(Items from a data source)
....................

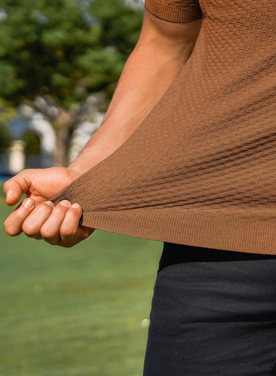 JMIERR Mens Knit Polo Shirts Classic Button Basic Textured T Shirts Casual Slim Fit Short Sleeve Summer Golf Tee Shirt(Light Khaki)
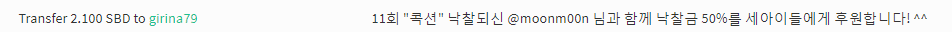 - 11회차 콕션 @moonm00n 님 낙찰되셔서 2.1 SBD 기부완료!
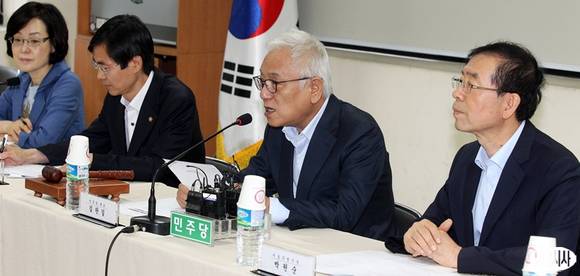 김한길 민주당 대표가 24일 오전 서울 성북구 석관동 주민자치센터에서 열린 현장 최고위원회의에서 모두발언을 하고 있다.
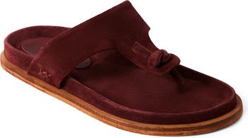 A pronounced toe post offers a secure fit on a supple suede flip flop grounded by a cushioned footbed for comfortable weekend-ready wear.
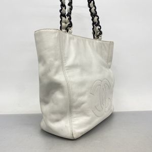 Chanel Tote Bag Lambskin White Gold Hardware Pre-owned Women's
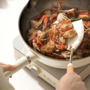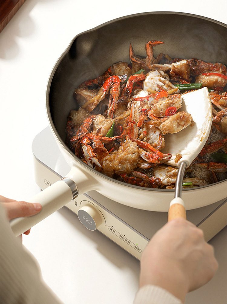 全能烹飪與爐灶兼容: 具備炒、炸、煎、保溫、易清洗等多項功能;平底設計支援電磁爐、煤氣灶等通用爐灶。
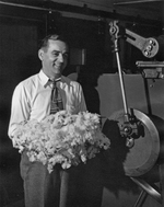 Description :DONAT LEMIEUX, TENANT DE LA LAINE BRUTE DANS SES MAINS PRIS DE LA BOITE D'ALIMENTATION DE LA CARDE.
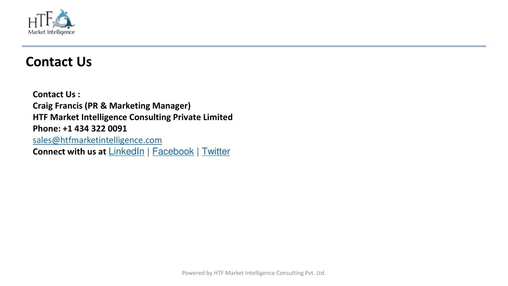 Contact Us Contact Us :Craig Francis (PR & Marketing Manager)HTF Market Intelligence Consulting Private LimitedPhone: +1 434 322 0091sales@htfmarketintelligence.comConnect with us atLinkedIn | Facebook | Twitter Powered by HTF Market Intelligence Consulting Pvt. Ltd.
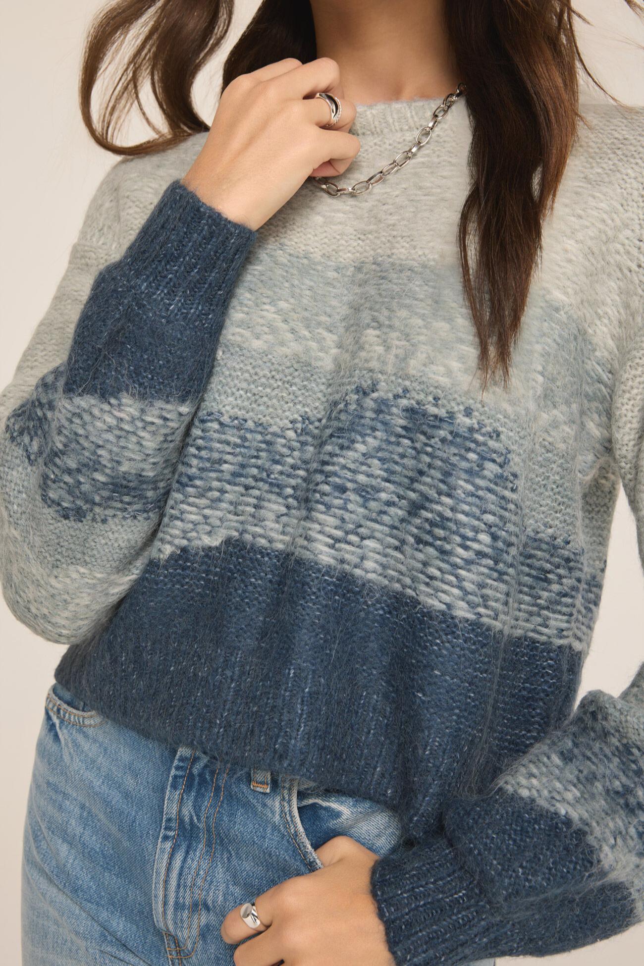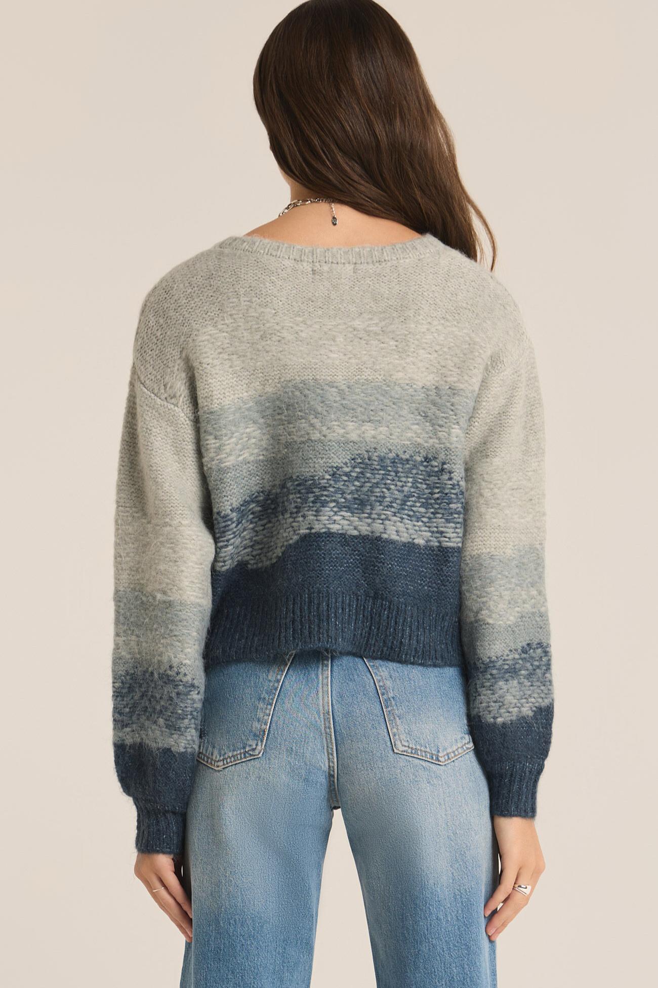 The Tranquil Waters Sweater features a crew neckline with a ombré pattern and full length sleeves. Pairs well with jeans!

....................

TASK STATEMENT: The final stretch of the data, from the line with "- 11회차 콕션 @moonm00n 님 낙찰되셔서 2.1 SBD 기부완료!" through its last line, is to be retyped exactly; pictures are not part of the copy.

WRITTEN SOLUTION:
 - 11회차 콕션 @moonm00n 님 낙찰되셔서 2.1 SBD 기부완료!
 김한길 민주당 대표가 24일 오전 서울 성북구 석관동 주민자치센터에서 열린 현장 최고위원회의에서 모두발언을 하고 있다.
 A pronounced toe post offers a secure fit on a supple suede flip flop grounded by a cushioned footbed for comfortable weekend-ready wear.
 Chanel Tote Bag Lambskin White Gold Hardware Pre-owned Women's
 全能烹飪與爐灶兼容: 具備炒、炸、煎、保溫、易清洗等多項功能;平底設計支援電磁爐、煤氣灶等通用爐灶。
 Description :DONAT LEMIEUX, TENANT DE LA LAINE BRUTE DANS SES MAINS PRIS DE LA BOITE D'ALIMENTATION DE LA CARDE.
 Contact Us Contact Us :Craig Francis (PR & Marketing Manager)HTF Market Intelligence Consulting Private LimitedPhone: +1 434 322 0091sales@htfmarketintelligence.comConnect with us atLinkedIn | Facebook | Twitter Powered by HTF Market Intelligence Consulting Pvt. Ltd.
 The Tranquil Waters Sweater features a crew neckline with a ombré pattern and full length sleeves. Pairs well with jeans!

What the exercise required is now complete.